$n \in \mathbb{N} \ 5|\ 2^{2n+1}+3^{2n+1}$

Question

show for all $n \in \mathbb{N}$, $$5|\ 2^{2n+1}+3^{2n+1}$$

Indeed,

we've to show that : $2^{2n+1}+3^{2n+1}=0[5] $

note that $2^{2n+1}+3^{2n+1}=2.4^n+3.9^n= $

Answer 1

You're basically there!! Now work modulo 5:

$2^{2n+1} + 3^{2n+1} = 2.4^n + 3.9^n \equiv 2.(-1)^n + 3.(-1)^n \equiv 5.(-1)^n \equiv 0$ (mod $5$)

Answer 2

You can do it by induction.

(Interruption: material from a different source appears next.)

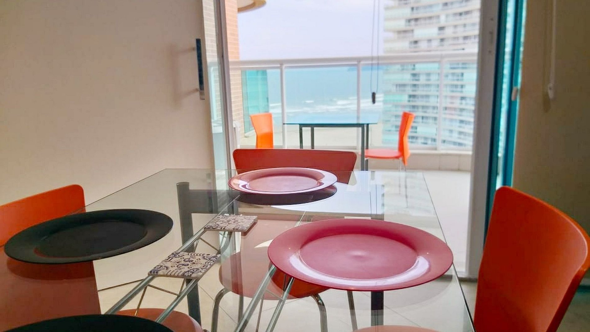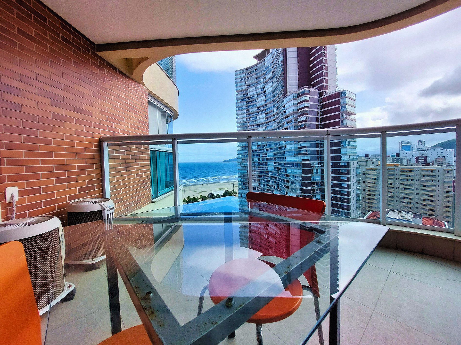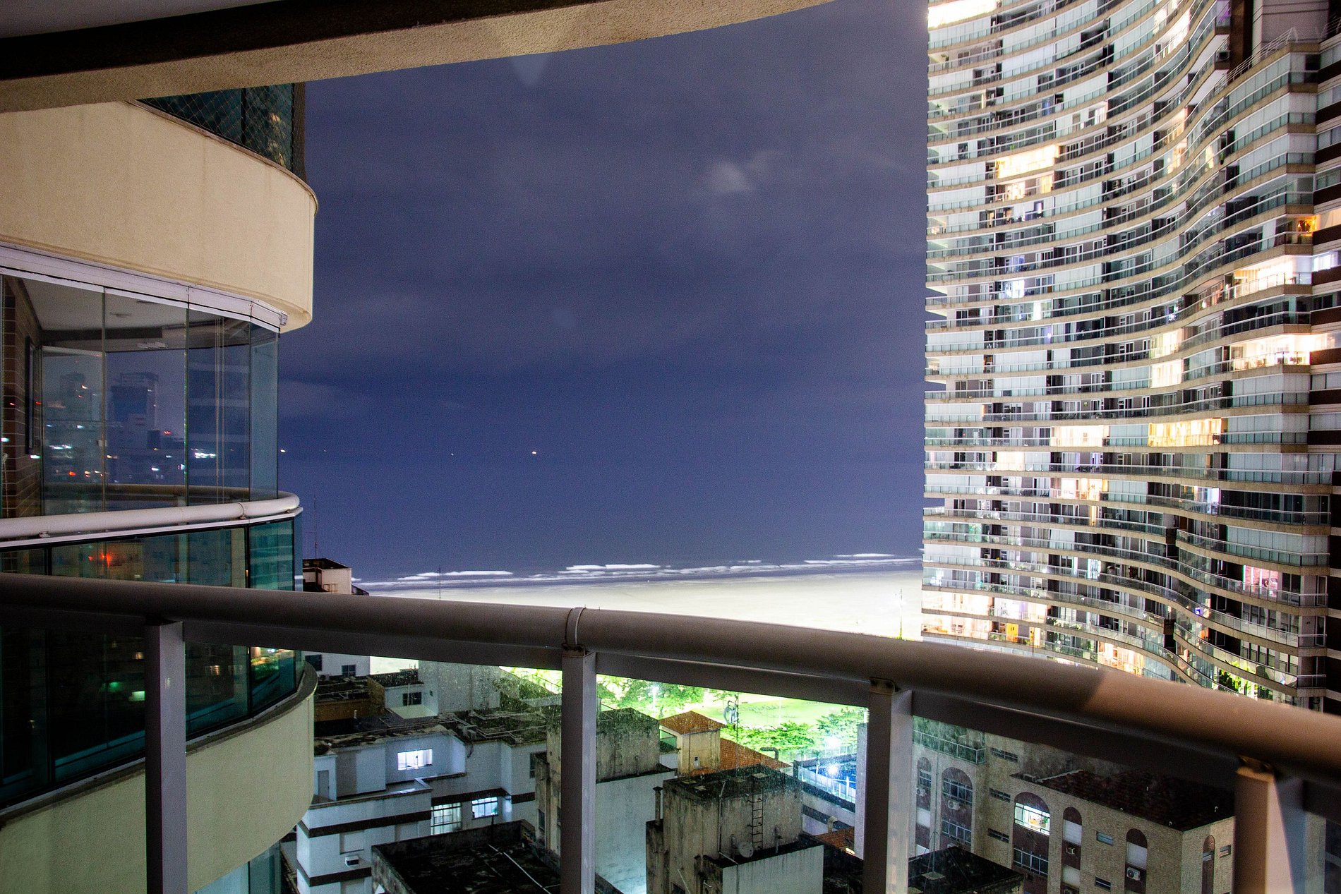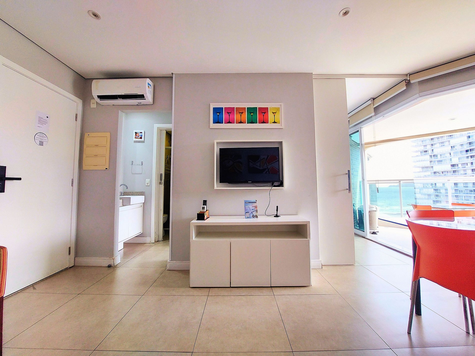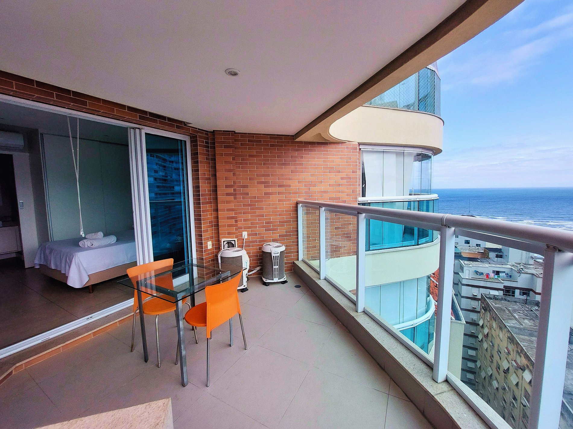 O apto tem uma ótima circulação, não fica apertado. Varanda grande com uma vista linda p o mar e para a cidade.

For $n=0$, we have $$2^{2n+1}+3^{2n+1}=2+3=5$$ which is divisible by $5$. Now suppose that $2^{2k+1}+3^{2k+1}$ is divisible by $5$, i.e. $$\tag{1}2^{2k+1}+3^{2k+1}=5N$$ for some integer $N$. Now consider $$2^{2(k+1)+1}+3^{2(k+1)+1}=4\cdot 2^{k+1}+9\cdot3^{2k+1}= 4\cdot (2^{k+1}+3^{2k+1})+5\cdot 3^{2k+1}=5(N+3^{2k+1})$$ where the last equality follows from $(1)$, which is divisible by $5$.

Answer 3

Its much simpler, $3\equiv -2 \pmod 5$. So $$2^{2n+1} +3^{2n+1}\equiv 2^{2n+1} +(-2)^{2n+1} =2^{2n+1}-2^{2n+1}=0 \pmod 5$$

Answer 4

Hint $\,k\,$ odd $\,\Rightarrow a\!+\!b \mid a^k\!+b^k$ by Factor Theorem, or by $\,{\rm mod}\ a\!+\!b\!:\ a\equiv -b\,\Rightarrow\, a^k \equiv (-b)^k \equiv -b^k$

Answer 5

Write $2^{2n+1}+3^{2n+1} = 2^{2n+1}+(5-2)^{2n+1}$ and note that $(5-2)^{2n+1}$ expands to $5t-2^{2n+1}$.